All that took place before 7:00 am on Tuesday. I had some time before my flight departed and was able to sit down and reflect on the whole situation. I was extremely grateful for those that I had come in contact with in those two hectic hours, and was left in awe and appreciation for those who work in the airline industry.
What a chaotic world they live in. Not to mention, everyone coming to the airport is trying to get somewhere for something important, and I'm not sure about you, but I don't just jump on a plane and fly somewhere without good reason. It's not like riding the carousel, which Rooney would do all day if she could.
(needed an excuse to share this picture...)
I'll also mention that this was the first time I've ever had a flight change on me (I don't fly a whole lot, and still feel lucky). And until it happens to you, I'm not sure you realize how humbling it is.
It's humbling when you have no control over the situation, other than how you react to it. And this, I'm sure, is what God was teaching me. I could have exploded with furry on everyone I came in contact with, and since I wasn't the only one who wanted to be on that original flight, I was able to see how a handful of others reacted as well.
We had a common purpose of getting somewhere and it had been taken away from us. Some handled it well, others not so much.
From the moment I read the email, I started praying for God to provide a way for me to be in Nashville by 2:00 pm. There was no time to whine, complain, throw a fit... it was very much a "take one very small step at a time" thing.
I prayed for green lights, that time would stand still, that I could make the 6:00 am flight, that I would remain calm and know that God is good in all things, for another way, and for the other airline to pick up the phone while I was on hold.
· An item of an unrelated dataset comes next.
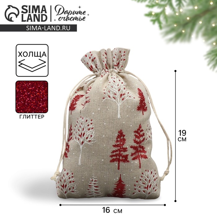 Мешочек подарочный «Новогодний лес», холща, 16 х 24 см +/- 1.5 см

I'm not saying that God always answers prayers in the way he did for me. I know sometimes things don't work out in the scenario or in any others, but I also know that God provides opportunities for us to grow as his children. I believe this was a time for growth. God wanted to see how I would handle being completely dependent on others.
No matter the amount of planning that I had done for the trip or ducks that I put into rows, it was all thrown up in the air from the moment I woke up on Tuesday morning. Humbling for sure.
I'm so very grateful for the trials of the day because it drew me closer to God and gave me a great story to tell.
And as I was sitting at the terminal gate waiting to board my flight, I got a phone call from my friend Philip. We typically get together weekly as accountability partners, but he's been visiting India for the past few weeks and we haven't been able to meet. He was on his way back and called. A divine call, I'm sure of it.
I needed him in that moment. I needed to know I wasn't alone on this trip nor this journey of life. Kelsey was busy getting herself and Rooney ready for the day, and we had been texting back and forth, but the phone call was special. Philip heard the story and prayed for my trip before boarding. It was so great to talk with a friend in that moment.
On the flight (which was not part of the original plan) I was able to sit next to and get to know a woman and she asked where I was headed and what I was doing, and we had a great conversation about personal finances. It was great! And I never would have met her if my original flight hadn't been cancelled.
And I knew flying in at 1:20 pm for a 2 pm training start time that I would be cutting it close. So when I arrived at the conference center at 1:57 pm, I had a sigh of relief, an attitude of gratitude, and a humbled heart. God is good.
Have you ever had a flight changed or canceled? What's God teaching you lately?